After hearing about Unity Day, students at the Episcopal School of Dallas wanted to know how they could help. Jenny Esteve, a third grade teacher at ESD, helped her students organize a skit about bullying, that raised awareness and encouraged friends to stand up for each other and not be a bystander or a bully. However, before the students would wear their orange to school, more planning had to be done.

“I asked students to make orange posters with uplifting and inspirational messages, get permission to wear orange shirts instead of their uniforms, and write a skit to perform in chapel,” Esteve said. “I really hope we can make this a yearly tradition.”

So they did.  Students put together an action plan and presented their ideas to Sandy Kerr, Head of Lower School.

On Unity Day, orange shirts, ties, and hair bows could be seen buzzing about the halls of the Lower School campus. An orange chain, made out of construction paper, also adorned the cafeteria wall with messages like “Stay Strong” and “Be Brave. Stand Up.”

“We thought if we could make a difference, then we could get the whole school to help,” a third grader said. “We worked really hard, but I think all our work was worth it.”
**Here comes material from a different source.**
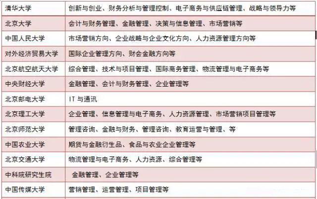北京地區部分院校MBA方向參考如下:

Several other classes participated in Unity Day, including Allison Hogan’s Primer class. Students were shown picture books that incorporated the golden rule, and were taught about the importance of treating one another with respect. The Play-Doh Pit in Julie Butterworth’s Beginners class was also turned orange.

According to the National Association of School Psychologists, every day nearly 160,000 students nationwide skip school for fear of being bullied by their peers. They report that in one year, more than 3.2 million students will be the victims of some form of bullying.

“I am so proud of our students,” Kerr said. “They saw an opportunity to make a difference, so they implemented a plan and demonstrated the kind of character we all want to have.”